Yesterday, Torre claimed (backed up by Ned Colletti) that he had not been ordered to sit Manny. But for all the frustration we’ve directed at Torre in his three years here, I refuse to believe that’s true. Torre’s not a great manager, but he’s not an idiot either. There is no rational baseball reason – not one – for benching one of the ten best right-handed hitters of all time in the most important games of the season, even if Manny is only 80% of what he once was.

More evidence comes in the fact that Matt Kemp is still playing. We all know that Torre loves his “gritty” “hustle” guys like Podsednik and Juan Pierre, so even if Torre really does believe his platitudes about Podsednik’s “energy” and insisted on having him on the lineup every day, the obvious move there – and one he’s done before – would be to move Podsednik to center and bench Kemp for a day.

That hasn’t happened, and no reasonable manager would choose to sit Manny four days in a row for baseball reasons (and that’s without even considering what Manny’s disposition is like after being benched.) So the only rational explanation here is that Torre’s being less than truthful – which I don’t blame him for, because you don’t want to go public about such things until the ink is dry – and that word from above has come to not play Manny for fear of injury sinking a deal. (Personally, I’d rather see a larger deal with Chicago; having put both J.J. Putz & Matt Thornton on the DL, their bullpen is in shambles, so how about trying to send them Octavio Dotel & George Sherrill too?)

And if not? If everything Torre is saying is true? Then all we can do is pray that the last out of game 162 comes as soon as possible.

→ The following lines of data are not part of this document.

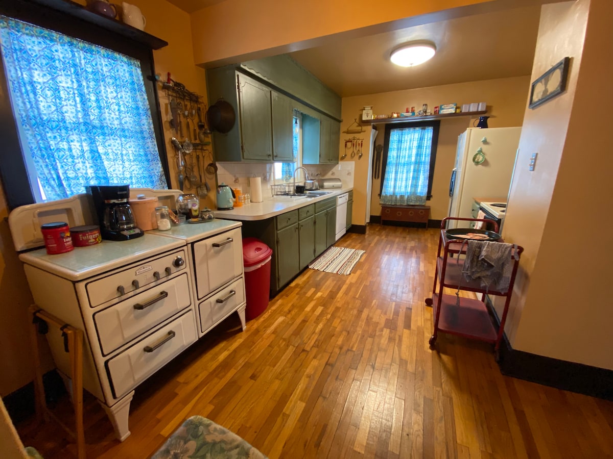 Savršen odmor koji je blizu! Uživajte u privatnosti u našem obnovljenom bungalovu iz 1933. godine na 18 hektara samo nekoliko minuta od I-70. Opustite se nakon putovanja ili okupite prijatelje na koncertu. Upijajte se u kadi i najbolje spavajte na plišanom dušeku. Kuvajte u opremljenoj kuhinji ili jedite u restoranima udaljenim pet minuta. Meander duž pokošenih staza i pustite decu da se igraju! Mi smo pogodni za kućne ljubimce i spremni smo za poslovanje sa gigabitnim internetom i kancelarijom.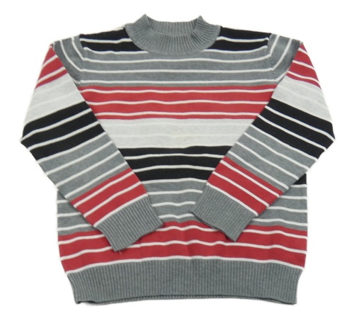 Sivo-červeno-biely pruhovaný sveter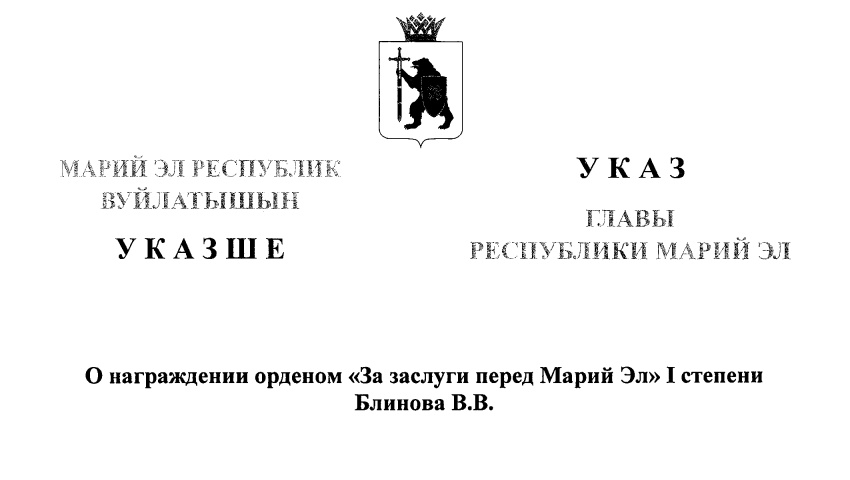 Глава Марий Эл Юрий Зайцев подписал Указ № 59 о награждении главы администрации Новоторъяльского района Василия Васильевича Блинова орденом «За заслуги перед Марий Эл» I степени.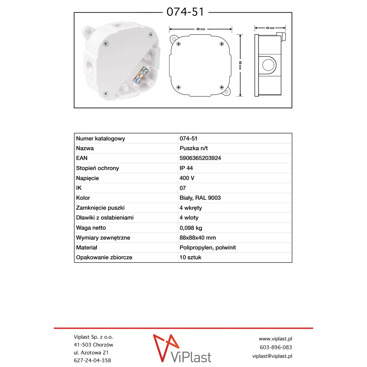 | Waga (kg) | 0,098 | - | - |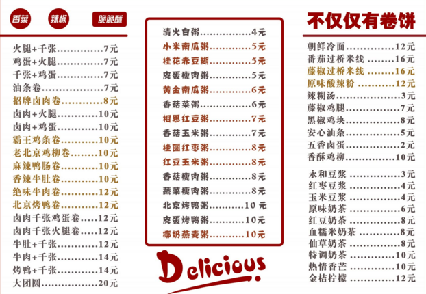 现如今良记卷饼以全新的店面形象,产品包装,以卷饼+x的模式,拥有卷饼系列、赤糊桂花粥、养生粥系列、主食系列、小吃系列、茶饮系列等产品矩阵,更加适应了各个阶段顾客的需求,并以丰富的连锁经营经验,让越来越多的人能够认识并爱上良记卷饼!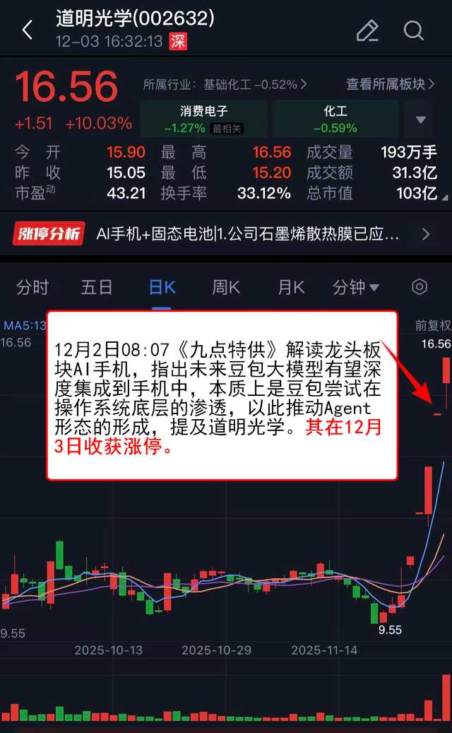12月2日08:07《九点特供》 解读龙头板块AI手机,指出未来豆包大模型有望深度集成到手机中,本质上是豆包尝试在操作系统底层的渗透,以此推动Agent形态的形成,提及道明光学。其在12月3日收获涨停。

Joe Torre Finally Presses the Right Buttons

As Jonathan Broxton closed out a scoreless 8th inning, I looked ahead to the 9th and wondered what the plan would be:

Pick from 3 terrible options: Broxton trying for a 2-inning save, Kuo on back-to-back nights, or Dotel in the 9th.

As it turns out, it wasn’t quite any of those. With Ryan Braun, Prince Fielder, and Casey McGehee entering, Torre decided to go with a three-headed closer monster. Ronald Belisario, despite getting five out last night and supposedly being unavailable today, came in to retire Braun. George Sherrill (don’t complain about seeing him in the 9th, I’ve pointed out how tough he is on lefties dozens of times) took Fielder to a full count, but set him down. Finally, Octavio Dotel – who’s basically the reverse Sherrill – got McGehee to fly out to center to end the game.

Taking three flawed players, and maximizing the opportunity to play to their strengths? Boy, it’s almost like that’s how it’s supposed to work.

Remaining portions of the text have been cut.